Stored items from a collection
┏━━

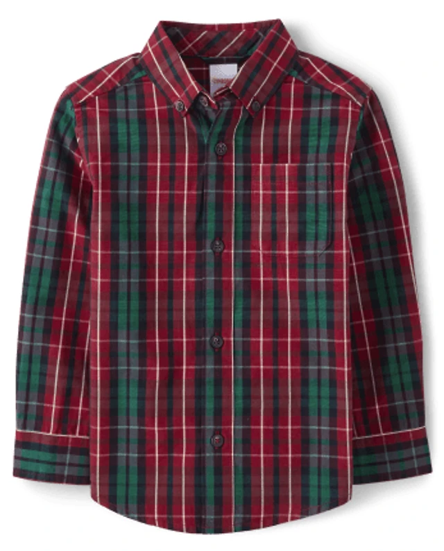 Boys Matching Family Plaid Poplin Button Up Shirt - A Royal Christmas
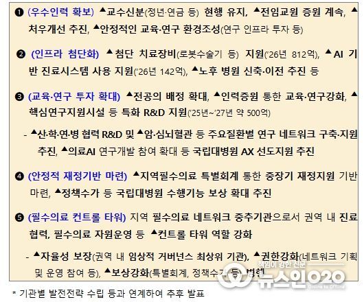 하기 위함으로, 지역 환자가 믿고 찾을 수 있는 진료‧교육‧연구 거점병원으로 육성하기 위한 첫걸음이다. 정부는 이와 함께 지역의사양성법 시행, 필수의료법 제정 등을 통해 지역 의료인력 확보 및 안정적인 재정투자 기반 마련 등 지역의료 강화 정책을 종합적으로 추진하고 있다.
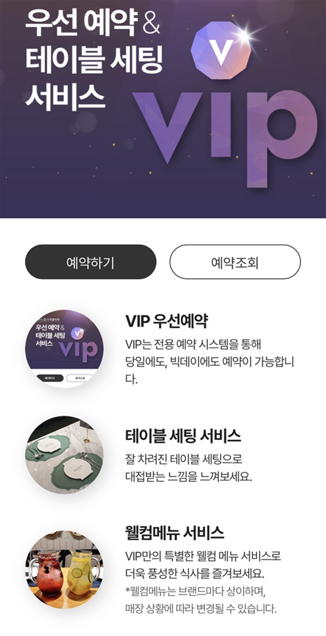 저희처럼 애슐리 고정고객이 아니고 일회성으로 이용하는 분들도 애슐리 앱을 깔고 캐시를 이용한다면 할인 혜택을 조금이라도 받으실 수 있을 것 같습니다. 참, 애슐리 VIP 등급에 선정되면, 추가 혜택이 있는데요. 저는 당일 예약이 된다는 부분이 가장 메리트 있는 것 같습니다.
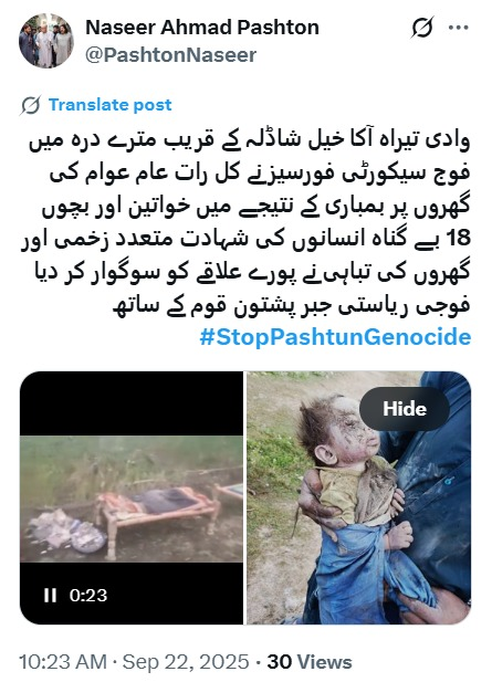 سانحہ تیراہ کے بعد پی ٹی ایم اور بعض سیاسی عناصر نے فوری طور پر سوشل میڈیا پر پرانی تصاویر شئیر کرنا شروع کیں اور اسے “پاک فوج کی بمباری” کا رنگ دینے کی کوشش کی۔
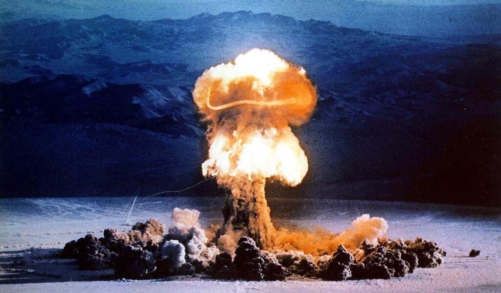Nuvens de fogo eclodem durante teste nuclear realizado pelos EUA no estado de Nevada em 1955. — Foto: Departamento de Energia dos EUA via AP
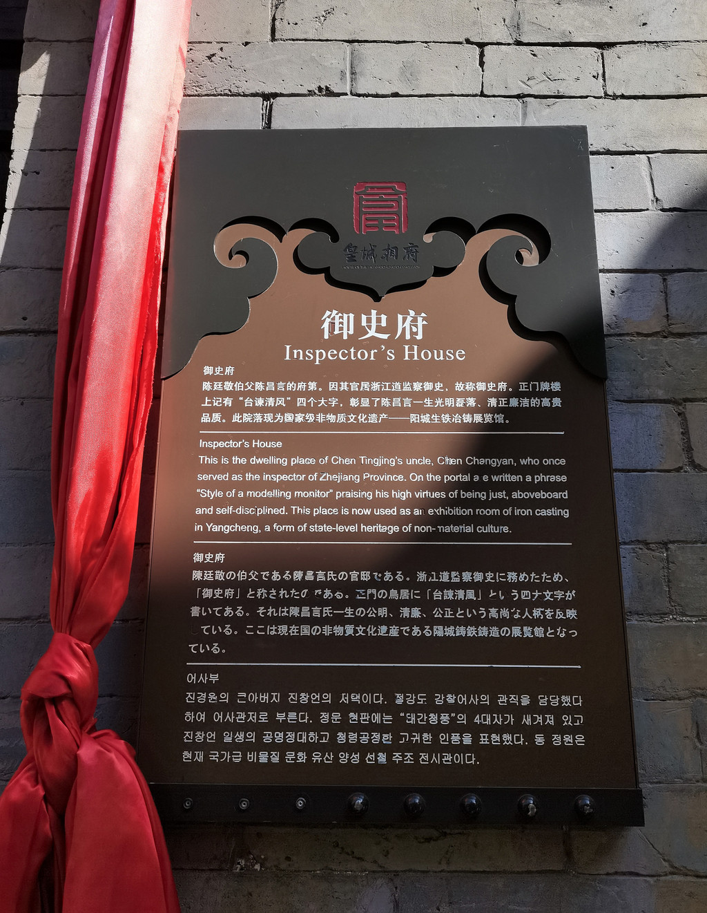 “大学士第”,建于康熙三十九年(1700年),大门开于正南,入二门为一宽敞的方形庭院,正北厅堂悬有康熙御笔牌匾"点翰堂"。
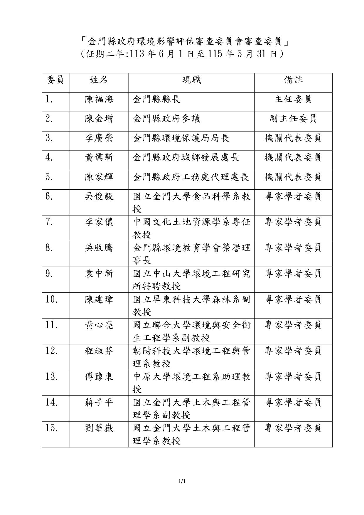 更新「金門縣政府環境影響評估審查委員會委員」名單。
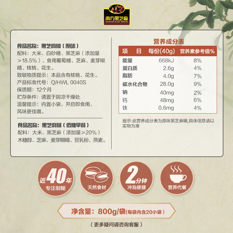南方黑芝麻糊原味800g即食沖飲沖調(diào)谷物營(yíng)養(yǎng)早餐代餐粉原味/低糖
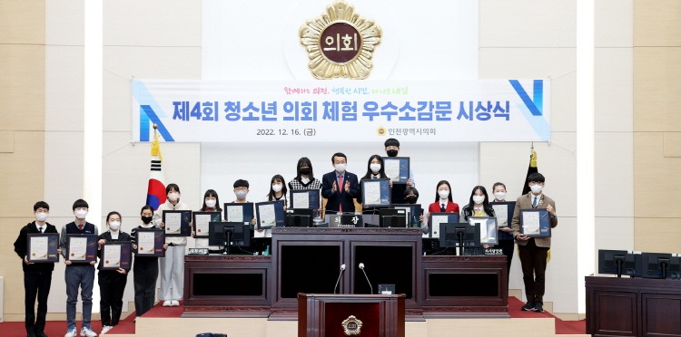 인천광역시의회(의장 허식)는 최근 본회의장에서 ‘2022년 청소년 의회체험 우수소감문’ 최우수자로 선정된 15명의 청소년이 참석한 가운데 시상식을 개최했다고 18일 밝혔다.
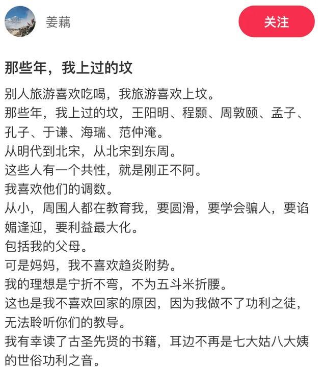 有人说,自己欣赏的从来都是那些刚正不阿的人。正因为读了古圣先贤的文字,才听不得世俗功利之音。
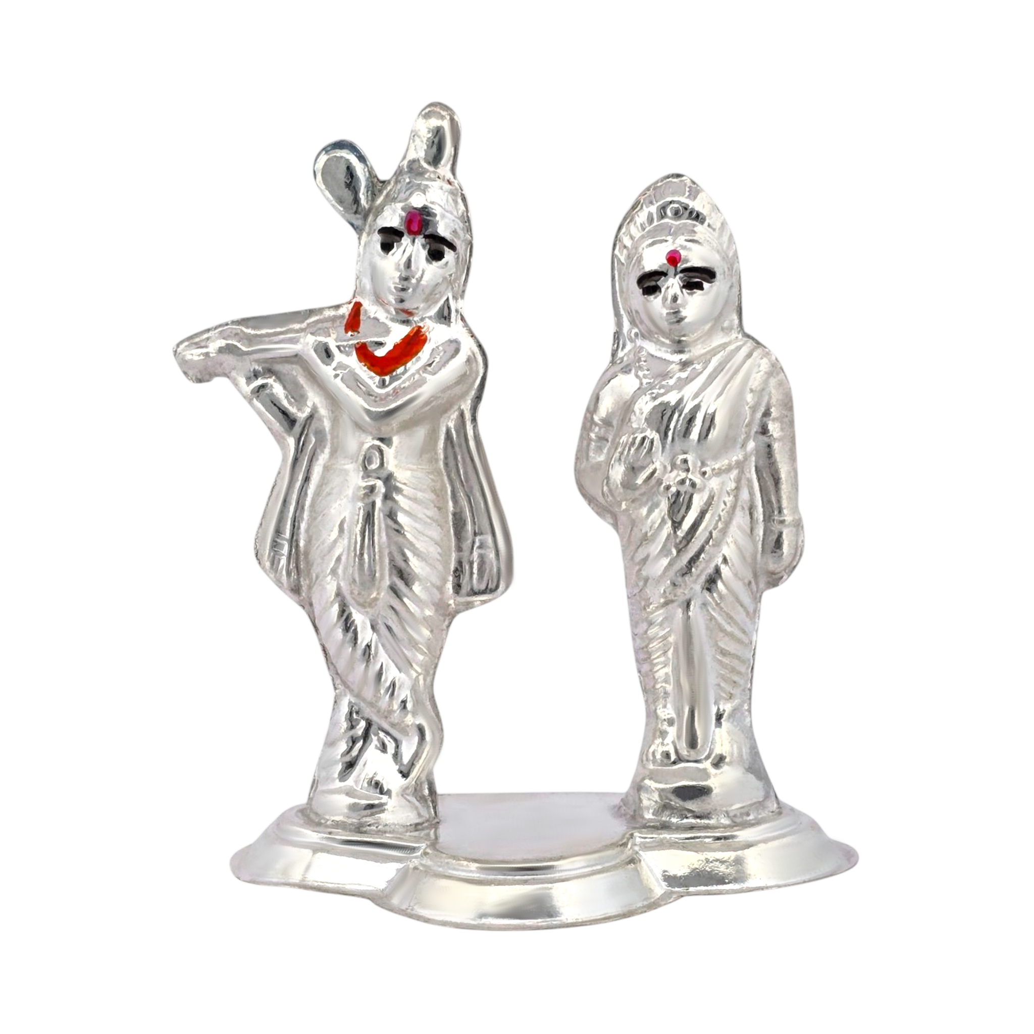 925 Silver Radha Krishna idol symbolizing eternal love and harmony, with Krishna on the flute and Radha gracefully by his side—perfect for devotion or gifting.
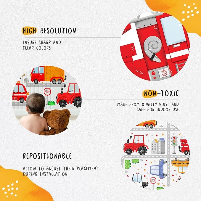 - π¦ Nursery decor for kids rooms includes: car, police car, truck, excavator, fire truck, taxi, tractor, crane as well as houses, roads, signs and trees to instantly bring a boring wall to life. Item sizes range from 2" x 2" to 6.2" x 11", for a total of 58 items. Stickers come in an envelope in 5 sheets. Sheet size is 13.8" x 7.8".
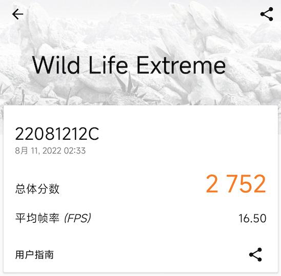 在3DMark Wild Life Extreme測試中,分?jǐn)?shù)為2752分。
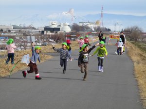 寒い中でも、体をたくさん動かして遊んでいる元気いっぱいの子どもたちです。

┗━━

**What is expected**
Write out each line of the data above exactly, starting at the top and finishing with the line containing "有人说,自己欣赏的从来都是那"; omit the pictures.

**Your response**
 Boys Matching Family Plaid Poplin Button Up Shirt - A Royal Christmas
 하기 위함으로, 지역 환자가 믿고 찾을 수 있는 진료‧교육‧연구 거점병원으로 육성하기 위한 첫걸음이다. 정부는 이와 함께 지역의사양성법 시행, 필수의료법 제정 등을 통해 지역 의료인력 확보 및 안정적인 재정투자 기반 마련 등 지역의료 강화 정책을 종합적으로 추진하고 있다.
 저희처럼 애슐리 고정고객이 아니고 일회성으로 이용하는 분들도 애슐리 앱을 깔고 캐시를 이용한다면 할인 혜택을 조금이라도 받으실 수 있을 것 같습니다. 참, 애슐리 VIP 등급에 선정되면, 추가 혜택이 있는데요. 저는 당일 예약이 된다는 부분이 가장 메리트 있는 것 같습니다.
 سانحہ تیراہ کے بعد پی ٹی ایم اور بعض سیاسی عناصر نے فوری طور پر سوشل میڈیا پر پرانی تصاویر شئیر کرنا شروع کیں اور اسے “پاک فوج کی بمباری” کا رنگ دینے کی کوشش کی۔
Nuvens de fogo eclodem durante teste nuclear realizado pelos EUA no estado de Nevada em 1955. — Foto: Departamento de Energia dos EUA via AP
 “大学士第”,建于康熙三十九年(1700年),大门开于正南,入二门为一宽敞的方形庭院,正北厅堂悬有康熙御笔牌匾"点翰堂"。
 更新「金門縣政府環境影響評估審查委員會委員」名單。
南方黑芝麻糊原味800g即食沖飲沖調(diào)谷物營(yíng)養(yǎng)早餐代餐粉原味/低糖
 인천광역시의회(의장 허식)는 최근 본회의장에서 ‘2022년 청소년 의회체험 우수소감문’ 최우수자로 선정된 15명의 청소년이 참석한 가운데 시상식을 개최했다고 18일 밝혔다.
 有人说,自己欣赏的从来都是那些刚正不阿的人。正因为读了古圣先贤的文字,才听不得世俗功利之音。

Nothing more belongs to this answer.